## TASK TO COMPLETE
Transcribe exactly the lines that fall between the one holding "Красный, 1 шт." and the one holding "PU Zip Around", inclusive, from the entries below.

## RECORD SET
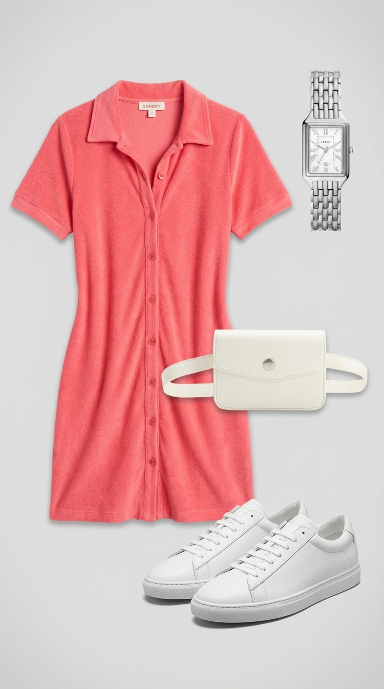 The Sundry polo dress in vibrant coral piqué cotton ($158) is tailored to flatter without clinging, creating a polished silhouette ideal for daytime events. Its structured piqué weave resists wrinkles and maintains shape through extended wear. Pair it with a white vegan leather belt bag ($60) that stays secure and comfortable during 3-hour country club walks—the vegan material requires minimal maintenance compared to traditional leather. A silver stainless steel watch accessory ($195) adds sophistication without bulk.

--

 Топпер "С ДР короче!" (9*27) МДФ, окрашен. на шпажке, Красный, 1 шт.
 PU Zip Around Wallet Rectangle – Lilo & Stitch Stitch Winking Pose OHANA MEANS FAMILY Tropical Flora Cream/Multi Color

## FINISHED TASK
 Топпер "С ДР короче!" (9*27) МДФ, окрашен. на шпажке, Красный, 1 шт.
 PU Zip Around Wallet Rectangle – Lilo & Stitch Stitch Winking Pose OHANA MEANS FAMILY Tropical Flora Cream/Multi Color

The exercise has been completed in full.